More than 50 years ago, James Baldwin wrote: “It contradicts the American dream to suggest that any gratuitous … horror can happen here.” But the truth is, gratuitous horror has been happening here since long before Trayvon Martin was killed, long before Michael Brown, and Eric Garner, and Tamir Rice, and George Floyd -- all the way back to the very beginnings of our nation.
How are we to understand these two contrasting realities: the promise of the American Dream, and the horror of the American Nightmare?
On Rosh Hashanah, we are commanded to hear the sound of the shofar -- a sound that the Medieval Jewish scholar Maimonides compared to a wake up call. He heard in the sound of the shofar a wordless voice, crying out: “Awake, you sleepers, from your sleep; arise, you slumberers, from your slumber.” He heard in the sound of the shofar a call -- to open our eyes as wide as possible, to see a reality that exists beyond the comfortable world of our own dreams.
What might we learn if we heed that call -- if we tell our own Ashkenazi Jewish story alongside the story of American racism?
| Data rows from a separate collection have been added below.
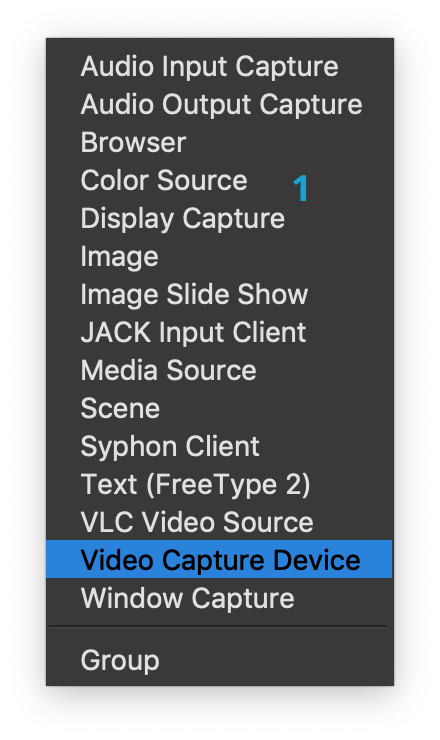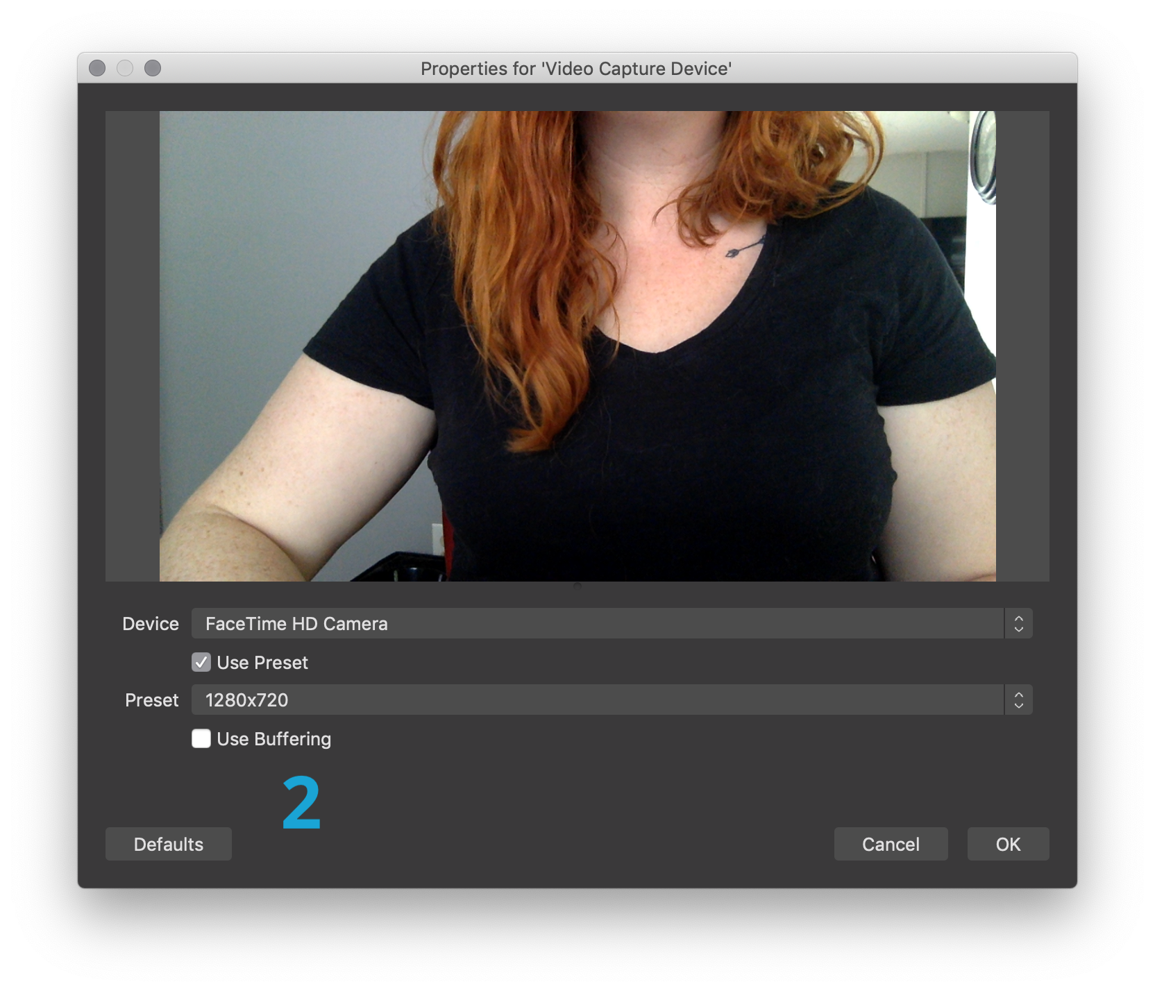 Create Scene 2. Select the Audio Source from the first scene and paste it into your Sources for Scene 2. Add a different video source – your camera. This can be your built-in FaceTime camera or any webcam. Resize it.
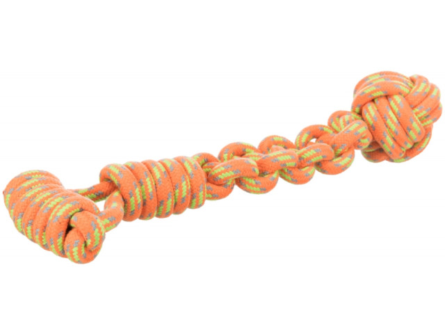 Jucarie perfecta pentru jocuri de forta, destinata pentru caini. Material: poliester/bumbac. Dimensiune: diametru 8 cm, lungime 38 cm.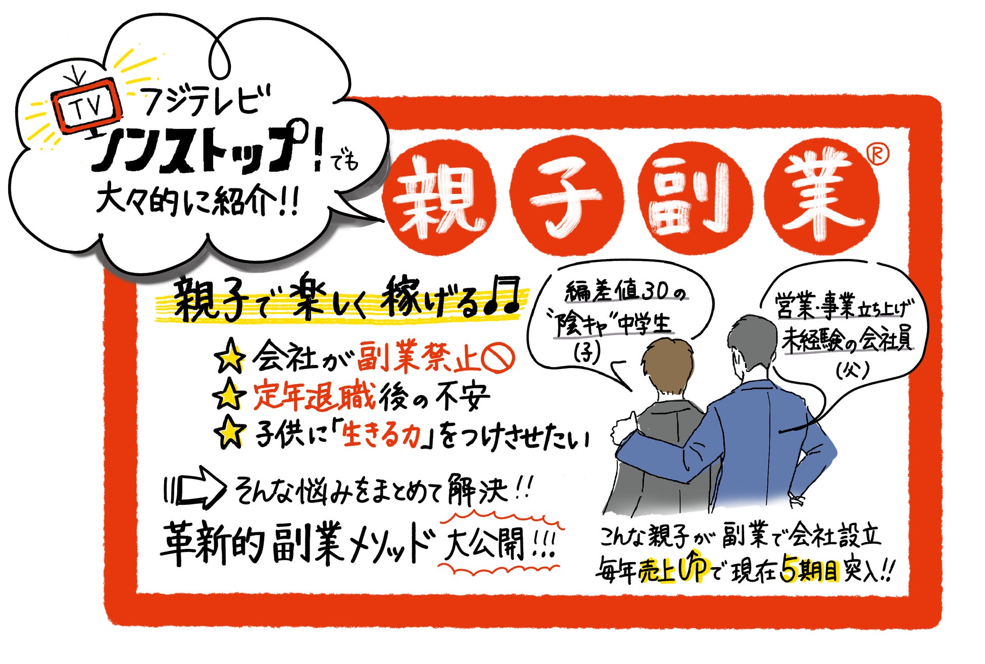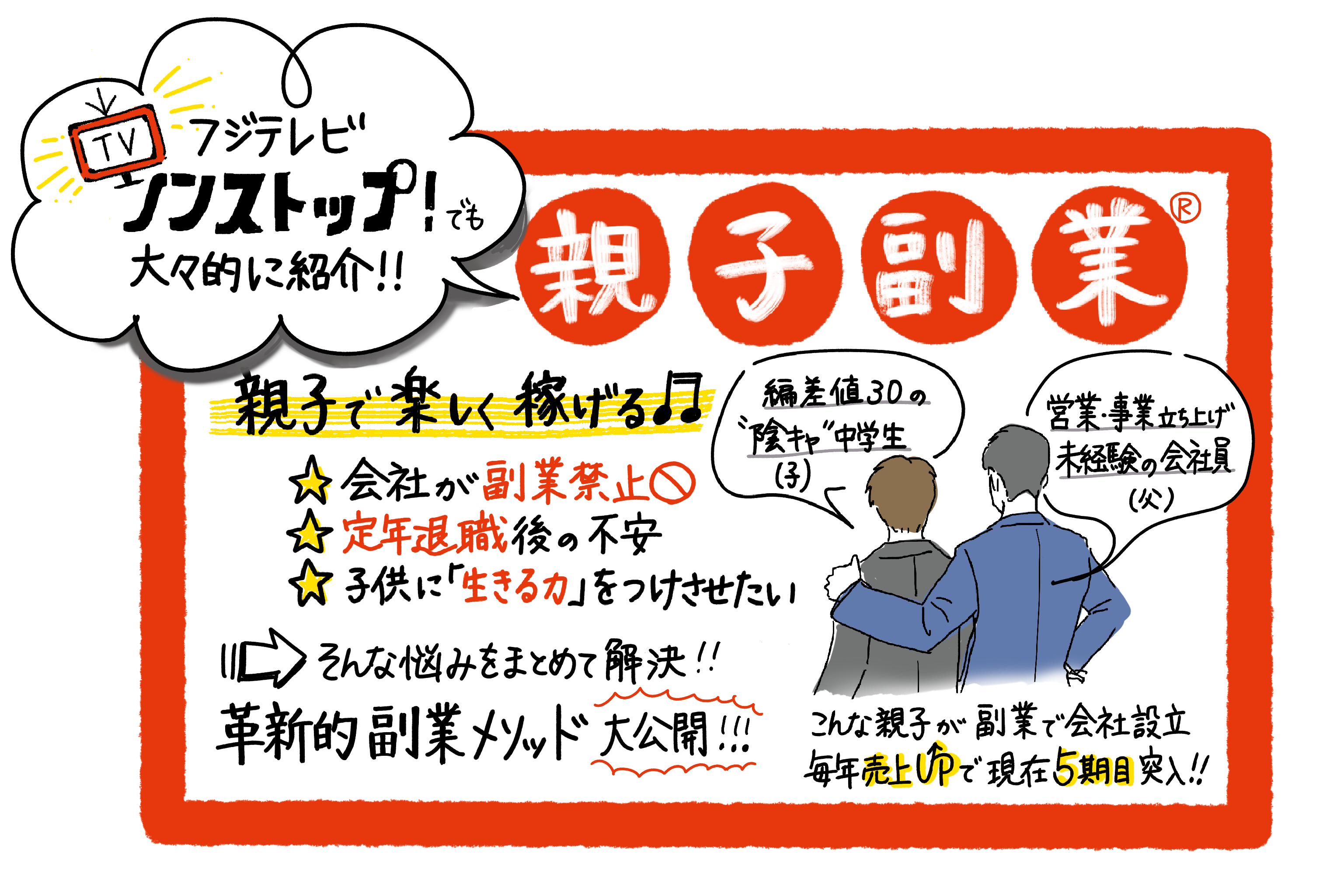 新規事業立上げ経験はもちろん、営業経験すらない会社員一筋25年の父が、偏差値30の落ちこぼれ中学生の息子と一緒に副業で株式会社設立。社長には中学生の息子が就任。そんな親子でも毎年売上UPで法人5期目。

What might we discover about the American Dream?
***
Like the blast of a shofar, the horn of a steamship bellows as it enters New York Harbor. Among its passengers are some of the 2.5 million Ashkenazi Jews who, with extraordinary bravery, left their countries of origin at the turn of the 20th century in order to seek a better life in the United States -- including my own great-grandparents, and maybe yours as well. They were “the tired, the poor, the huddled masses yearning to breathe free.” They left behind in the Old Country their villages, their parents, their grinding poverty, and the pain of having been Europe’s archetypal outsider. They brought with them to the New World the Yiddish theatre, their socialist ideals, their grandmother’s recipes, their grandfather’s prayer shawl.
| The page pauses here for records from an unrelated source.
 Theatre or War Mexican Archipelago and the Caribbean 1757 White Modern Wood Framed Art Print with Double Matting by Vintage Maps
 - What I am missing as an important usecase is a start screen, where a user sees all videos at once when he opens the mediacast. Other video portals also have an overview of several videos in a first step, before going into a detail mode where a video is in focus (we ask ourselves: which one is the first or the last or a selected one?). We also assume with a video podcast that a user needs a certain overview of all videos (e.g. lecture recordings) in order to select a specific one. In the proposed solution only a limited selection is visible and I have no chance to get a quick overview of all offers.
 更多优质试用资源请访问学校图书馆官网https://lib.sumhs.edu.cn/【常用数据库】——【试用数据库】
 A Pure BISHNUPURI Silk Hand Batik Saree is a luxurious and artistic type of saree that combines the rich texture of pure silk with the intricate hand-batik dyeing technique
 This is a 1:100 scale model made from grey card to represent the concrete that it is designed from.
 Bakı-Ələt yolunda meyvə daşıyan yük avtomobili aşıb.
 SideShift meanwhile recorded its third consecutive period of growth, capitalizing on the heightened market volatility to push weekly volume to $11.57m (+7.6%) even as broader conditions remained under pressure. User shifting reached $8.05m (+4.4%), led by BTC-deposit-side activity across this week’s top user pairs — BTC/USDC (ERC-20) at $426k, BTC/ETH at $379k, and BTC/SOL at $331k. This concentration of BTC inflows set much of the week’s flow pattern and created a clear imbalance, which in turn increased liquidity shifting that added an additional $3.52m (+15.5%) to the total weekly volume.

They found work wherever they could: sewing dresses in the garment district, selling pickles from a pushcart, baking pastries at a kosher bakery, hanging wallpaper. They saved their money to enjoy life’s simple pleasures. In the Old Country, a roasted chicken had been a rare delicacy -- a special weekly treat reserved for the Shabbat dinner table. But here in the Land of Opportunity, they lived with the spirit of abundance -- stacking the meats on their deli sandwiches so high that they could scarcely take a bite.
But their lives were not easy. Many of them lived in crowded tenement houses on the Lower East Side. They were looked down upon by America’s White Protestant elite -- seen as filth, a foreign influence that was changing the country for the worse.
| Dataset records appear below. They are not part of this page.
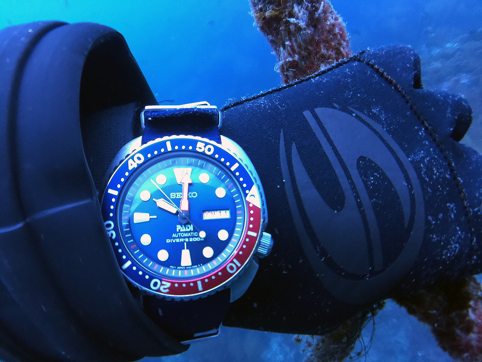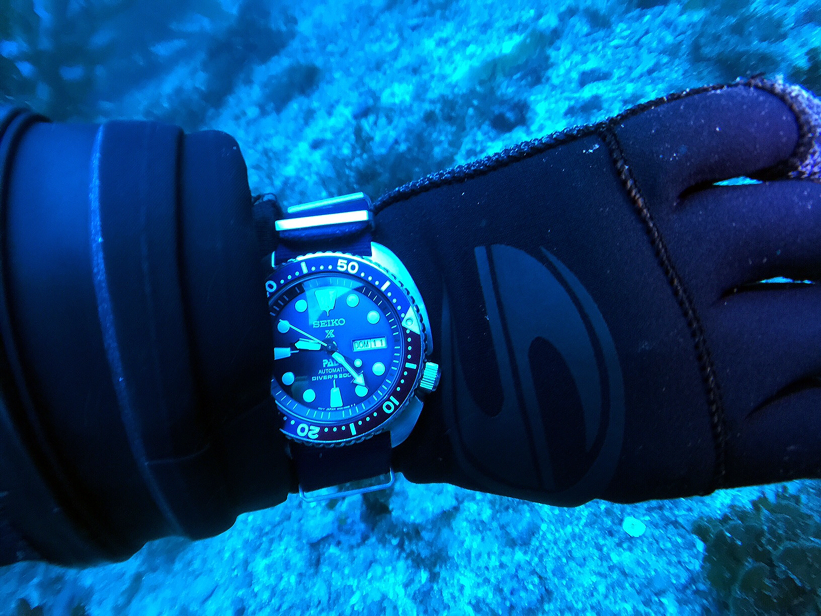 I'd been wanting to wear this one in the ocean from the day it arrived in the mail. It's essentially a SRP777 with a special paint job. The photo was taken at a depth of 20m (65ft) so the jazzy colours of the bezel and dial had all homogenized to a ghostly blue.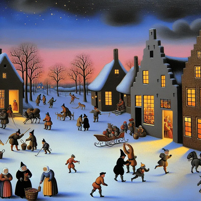 Gezellige winteravond in een Nederlands dorp met mensen die plannen maken voor vanavond, ijsbanen en verlichte huizen in Hendrick Avercamp-stijl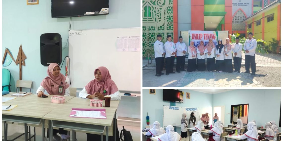 RILISJATENG.COM– Pengawas Madrasah, Umi Salasatun melakukan monitoring pelaksanaan Asesmen Madrasah di MIN 2 Sukoharjo dengan semangat dan santun yang membuat kami merasa senang dan semangat juga, Selasa (16/5/2023).

They watched, in 1924, as the US shut its door to further Jewish immigration. They watched as colleges and universities placed quotas on Jewish enrollment -- creating an ethos in higher education of the more exclusive, the more desirable. And most painfully, they watched from afar, helpless, as six million Jews were systematically murdered by the Nazis -- and agonized over their American Dream and their cousins’ European nightmare.
After the war, things began to change. On account of the horror that had unfolded in Europe, anti-Semitism in America became taboo -- was forced underground and relegated to the fringes of society. Meanwhile, through the GI Bill, the federal government provided many Ashkenazi Jewish families with subsidies -- so that they could afford to go college and buy a home. [1] Many of those whose parents had only finished high school now became doctors and lawyers. Many of those whose parents had lived in the tenements now bought a family car and moved out to the leafy suburbs.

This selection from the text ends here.